Print, word for word, the line containing "Beskrivelse: Dahl Jensen" and all lines beneath it to the end of the entries below. Pictures do not belong in the copy.

------ Material supplied ------

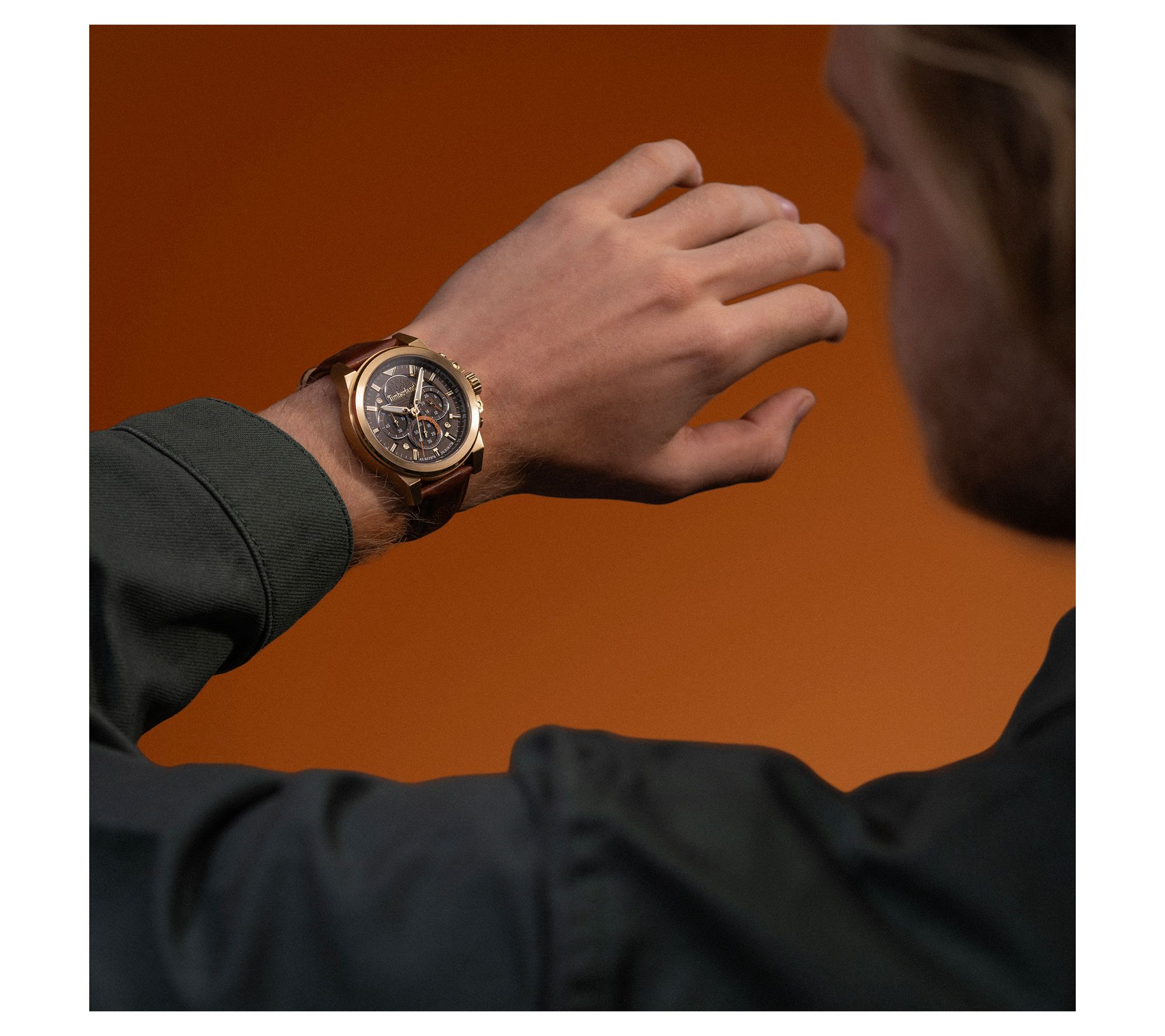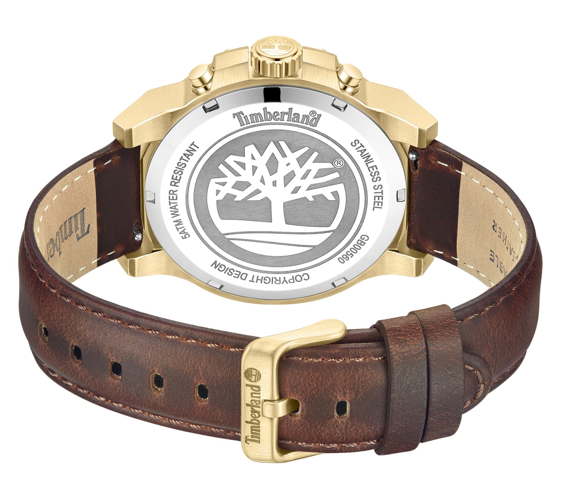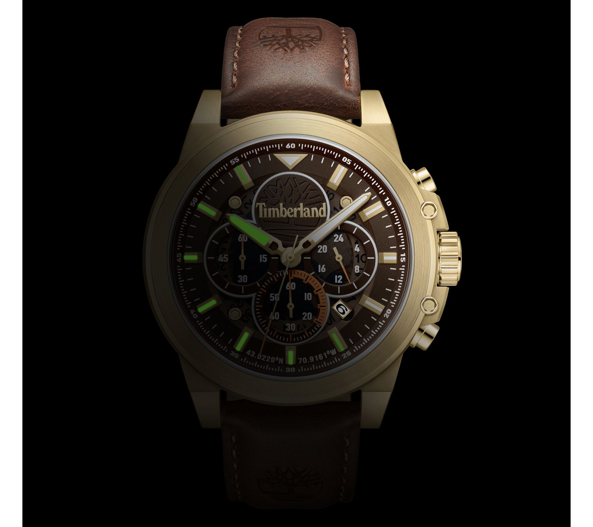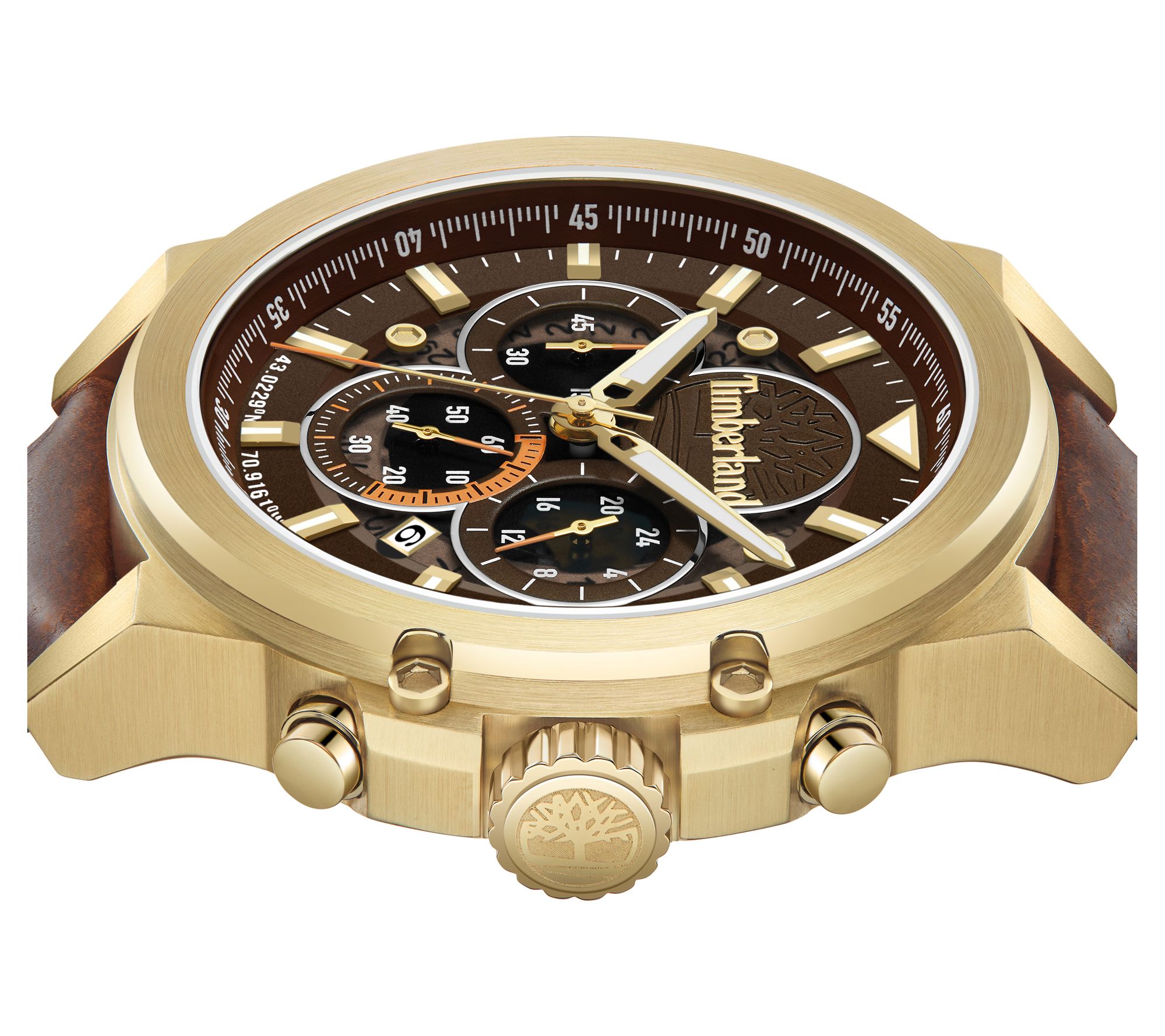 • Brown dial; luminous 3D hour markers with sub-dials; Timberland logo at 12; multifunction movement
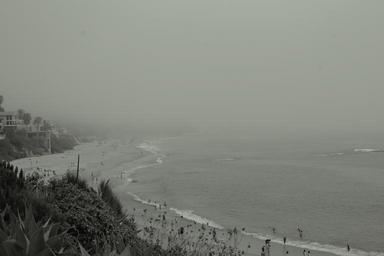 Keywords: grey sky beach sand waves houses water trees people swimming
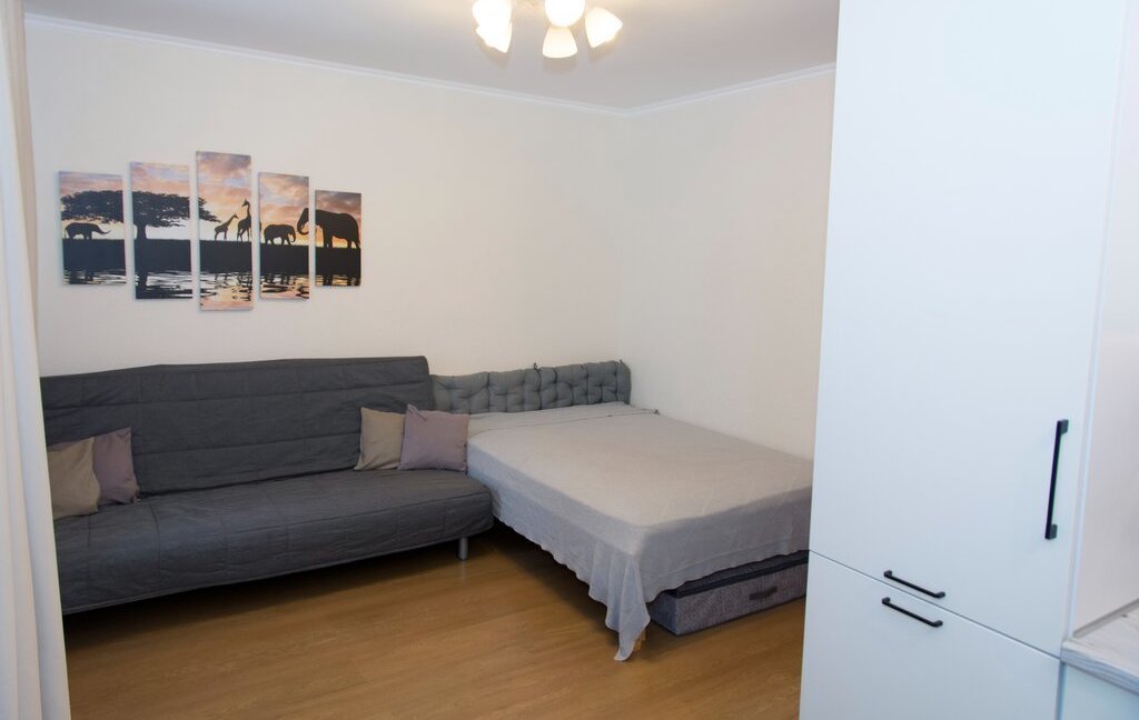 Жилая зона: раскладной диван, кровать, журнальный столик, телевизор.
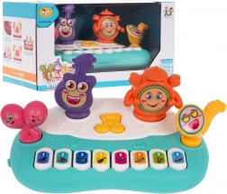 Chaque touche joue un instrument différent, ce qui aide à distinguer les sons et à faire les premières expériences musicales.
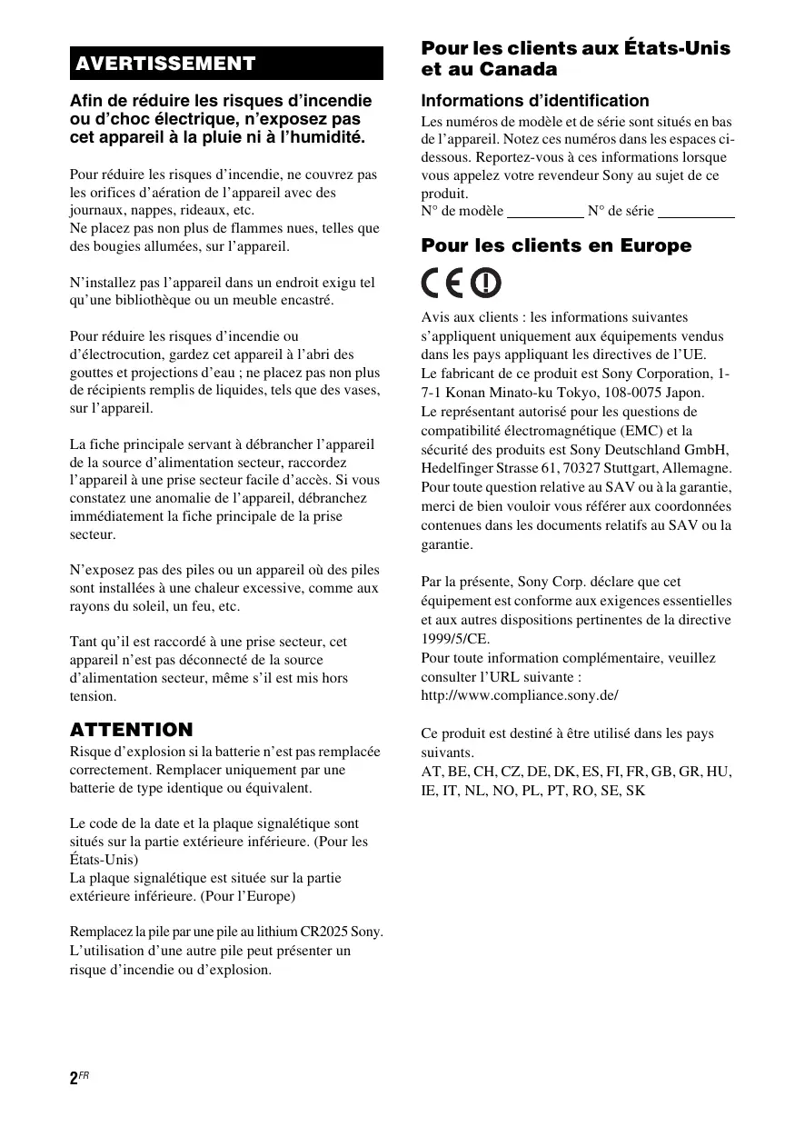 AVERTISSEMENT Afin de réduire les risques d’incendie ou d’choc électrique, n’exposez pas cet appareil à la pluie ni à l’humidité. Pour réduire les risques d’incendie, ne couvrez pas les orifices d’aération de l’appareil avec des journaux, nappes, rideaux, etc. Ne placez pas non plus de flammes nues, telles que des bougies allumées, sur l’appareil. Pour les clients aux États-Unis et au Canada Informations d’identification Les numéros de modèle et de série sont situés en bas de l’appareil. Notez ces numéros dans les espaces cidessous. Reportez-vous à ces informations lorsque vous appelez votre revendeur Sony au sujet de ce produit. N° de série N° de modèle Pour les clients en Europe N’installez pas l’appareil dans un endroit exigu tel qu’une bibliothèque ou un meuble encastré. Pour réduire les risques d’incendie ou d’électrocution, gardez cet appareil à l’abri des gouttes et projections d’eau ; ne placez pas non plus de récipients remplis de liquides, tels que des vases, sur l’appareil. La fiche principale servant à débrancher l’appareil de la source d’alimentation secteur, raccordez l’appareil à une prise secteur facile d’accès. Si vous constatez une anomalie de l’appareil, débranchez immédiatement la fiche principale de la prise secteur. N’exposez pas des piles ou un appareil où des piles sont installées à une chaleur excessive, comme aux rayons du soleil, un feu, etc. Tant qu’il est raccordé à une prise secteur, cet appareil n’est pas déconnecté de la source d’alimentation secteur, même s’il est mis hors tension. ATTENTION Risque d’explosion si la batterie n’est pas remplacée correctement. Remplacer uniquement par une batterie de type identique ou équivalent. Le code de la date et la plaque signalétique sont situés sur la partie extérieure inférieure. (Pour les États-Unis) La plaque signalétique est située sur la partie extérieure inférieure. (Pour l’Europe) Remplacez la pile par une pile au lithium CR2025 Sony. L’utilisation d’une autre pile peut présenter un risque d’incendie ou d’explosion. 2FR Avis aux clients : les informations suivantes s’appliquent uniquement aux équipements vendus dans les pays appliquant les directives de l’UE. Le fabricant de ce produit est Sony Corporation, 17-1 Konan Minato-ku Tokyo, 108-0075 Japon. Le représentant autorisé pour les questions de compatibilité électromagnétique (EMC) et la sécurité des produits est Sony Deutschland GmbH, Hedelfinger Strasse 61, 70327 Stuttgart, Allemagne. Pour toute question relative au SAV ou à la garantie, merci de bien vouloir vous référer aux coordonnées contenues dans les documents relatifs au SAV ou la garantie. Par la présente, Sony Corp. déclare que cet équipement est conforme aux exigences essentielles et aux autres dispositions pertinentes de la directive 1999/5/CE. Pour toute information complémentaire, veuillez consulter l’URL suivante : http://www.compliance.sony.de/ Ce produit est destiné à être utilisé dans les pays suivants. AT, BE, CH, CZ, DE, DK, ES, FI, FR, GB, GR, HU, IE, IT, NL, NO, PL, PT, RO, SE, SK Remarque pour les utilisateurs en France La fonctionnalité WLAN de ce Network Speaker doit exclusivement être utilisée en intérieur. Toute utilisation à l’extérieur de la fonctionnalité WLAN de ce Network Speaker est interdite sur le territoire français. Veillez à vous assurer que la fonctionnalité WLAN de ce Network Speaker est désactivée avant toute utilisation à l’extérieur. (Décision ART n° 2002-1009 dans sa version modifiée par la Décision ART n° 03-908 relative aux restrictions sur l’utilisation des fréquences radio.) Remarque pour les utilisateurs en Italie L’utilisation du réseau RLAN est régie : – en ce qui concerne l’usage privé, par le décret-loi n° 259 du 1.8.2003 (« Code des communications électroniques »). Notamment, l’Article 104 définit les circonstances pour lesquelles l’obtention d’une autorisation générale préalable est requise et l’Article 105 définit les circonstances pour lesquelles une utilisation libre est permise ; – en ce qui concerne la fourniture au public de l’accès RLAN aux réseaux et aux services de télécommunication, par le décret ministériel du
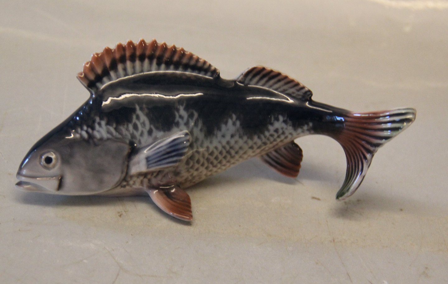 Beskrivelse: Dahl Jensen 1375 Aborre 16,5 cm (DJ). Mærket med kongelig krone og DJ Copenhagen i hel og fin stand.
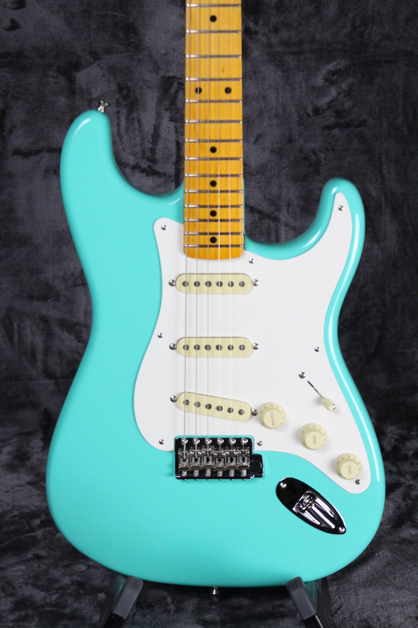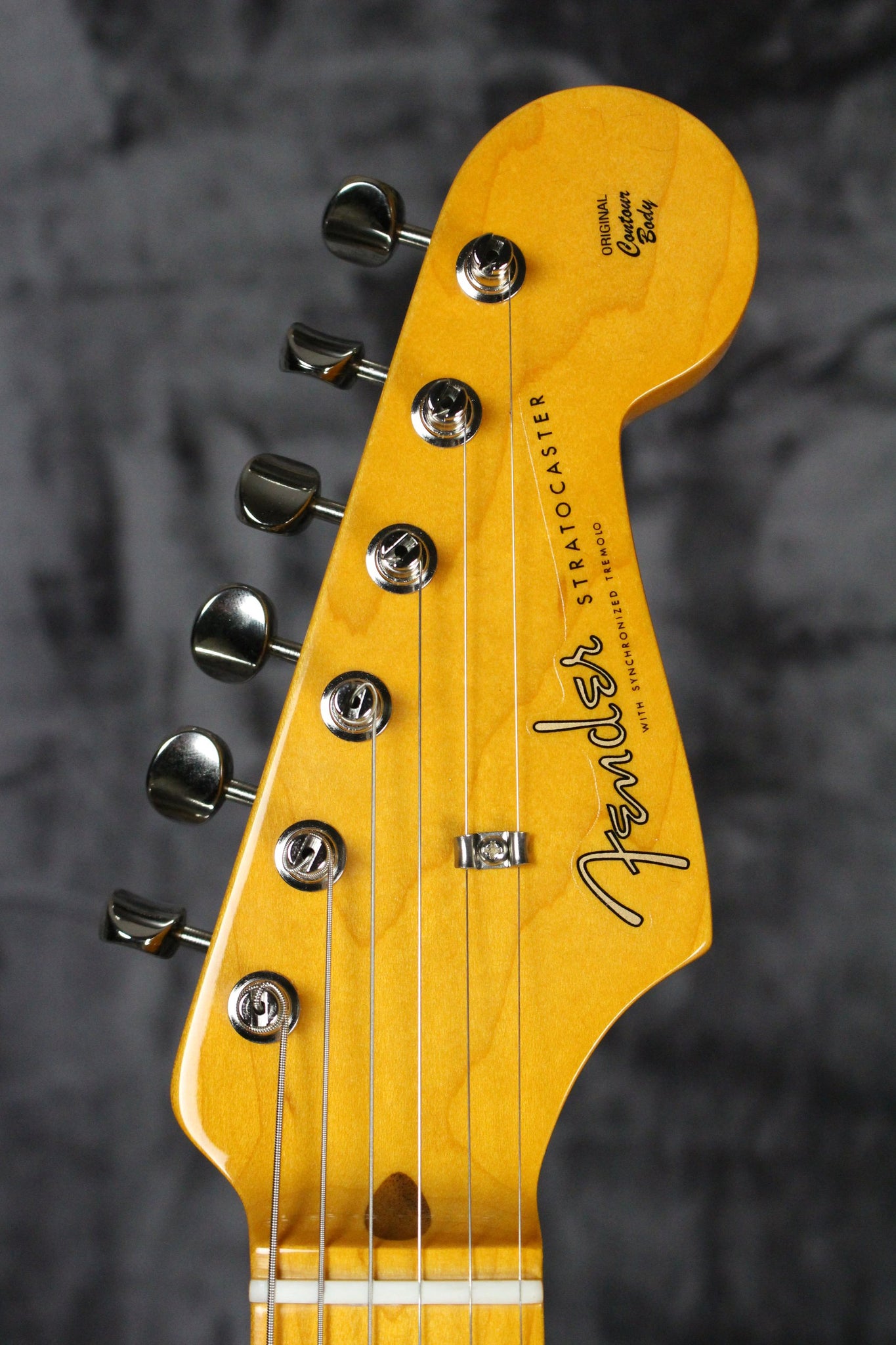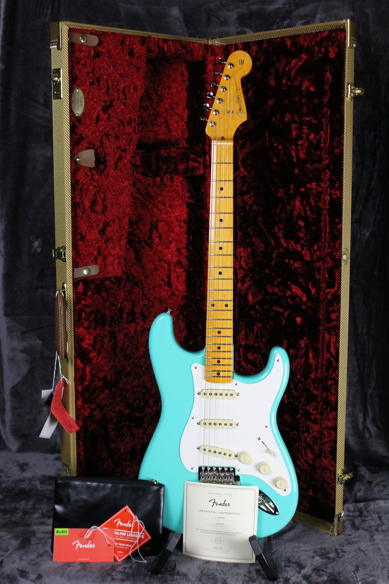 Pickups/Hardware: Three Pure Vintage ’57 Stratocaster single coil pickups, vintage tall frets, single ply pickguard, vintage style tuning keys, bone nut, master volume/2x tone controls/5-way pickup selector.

------

● Answer:
 Beskrivelse: Dahl Jensen 1375 Aborre 16,5 cm (DJ). Mærket med kongelig krone og DJ Copenhagen i hel og fin stand.
 Pickups/Hardware: Three Pure Vintage ’57 Stratocaster single coil pickups, vintage tall frets, single ply pickguard, vintage style tuning keys, bone nut, master volume/2x tone controls/5-way pickup selector.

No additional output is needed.